Water saving efforts turn from homes to businesses

By staff reporter

- Last updated on GMT

Related tags: Investment

Members of the UK’s Water Saving Group have pledged on-going support to manufacturers, retailers and other businesses to help encourage efficient use of resources, despite formally ending their home water-saving activities yesterday.

The Water Saving Group was formed for an initial two years in October 2005, but subsequently extended for a further year in order to build on successes.

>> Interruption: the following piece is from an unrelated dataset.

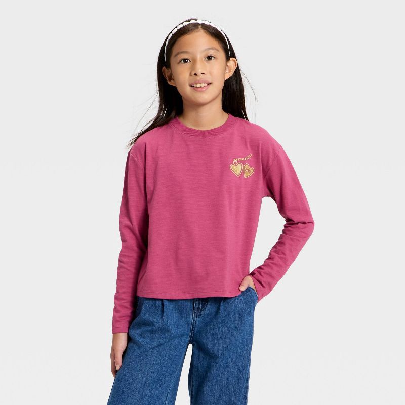 Girls' Long Sleeve BFF Relaxed Fit Graphic T-Shirt - Cat & Jack™ Berry Red M

It worked on a programme of measures to promote water efficiency in households, but was not geared specifically towards industrial use.

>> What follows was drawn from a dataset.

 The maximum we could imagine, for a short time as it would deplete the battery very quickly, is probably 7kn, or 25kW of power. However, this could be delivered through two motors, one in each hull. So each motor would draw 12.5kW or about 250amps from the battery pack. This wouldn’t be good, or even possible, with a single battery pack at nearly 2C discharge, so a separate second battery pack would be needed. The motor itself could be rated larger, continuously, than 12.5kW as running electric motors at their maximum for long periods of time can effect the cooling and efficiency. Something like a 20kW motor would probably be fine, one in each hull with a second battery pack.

Following the group’s final meeting yesterday, Defra said ongoing work including Waterwise maintaining and disseminating the evidence base for large scale water efficiency, and working with manufacturers – across all sectors – and retailers on ways to improve information on efficient water provision.

Meanwhile, the Environment Agency is charged with building more awareness and sharing good practice on water efficiency amongst businesses in general.

Envirowise worries

In July Envirowise turned the spotlight in water wastage in the food sector, when it came out top in a sector-by-sector analysis of the worst industrial culprits.

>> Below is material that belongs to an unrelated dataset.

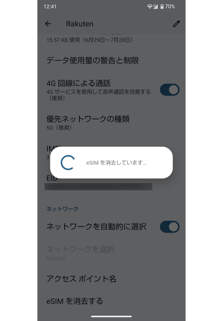 「eSIMを消去しています」と表示されるので、消去完了まで待つ
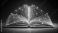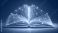 • A 3D wireframe model of an open book with glowing blue lines and nodes, suspended in mid-air, against a dark gradient background with subtle texture.

The UK food sector uses 268 million cubic metres every year for processes, products and cleaning, the equivalent of 71,000 Olympic sized swimming pools, according to a recent report from Envirowise.

It launched a targeted initiative called Rippleffect, through which it said it could help manufacturers reduce their annual water bills by up to one third – which translates at £256,000 per day. This comes with an added bonus to their profitability.

If processors invest in long-term water saving technology, these savings could increase to 50 per cent a year.

Saving successes

At its last meeting yesterday, the Water Saving Group flagged its successes. These include developing an evidence base for water-efficiency measures and interventions; the publication of a methodology for identifying water-stressed areas; and Ofwat’s introduction of activity-based water efficiency targets.

The Consumer Council for Water also completed research on consumers’ attitudes to water and their willingness to take part in water saving schemes.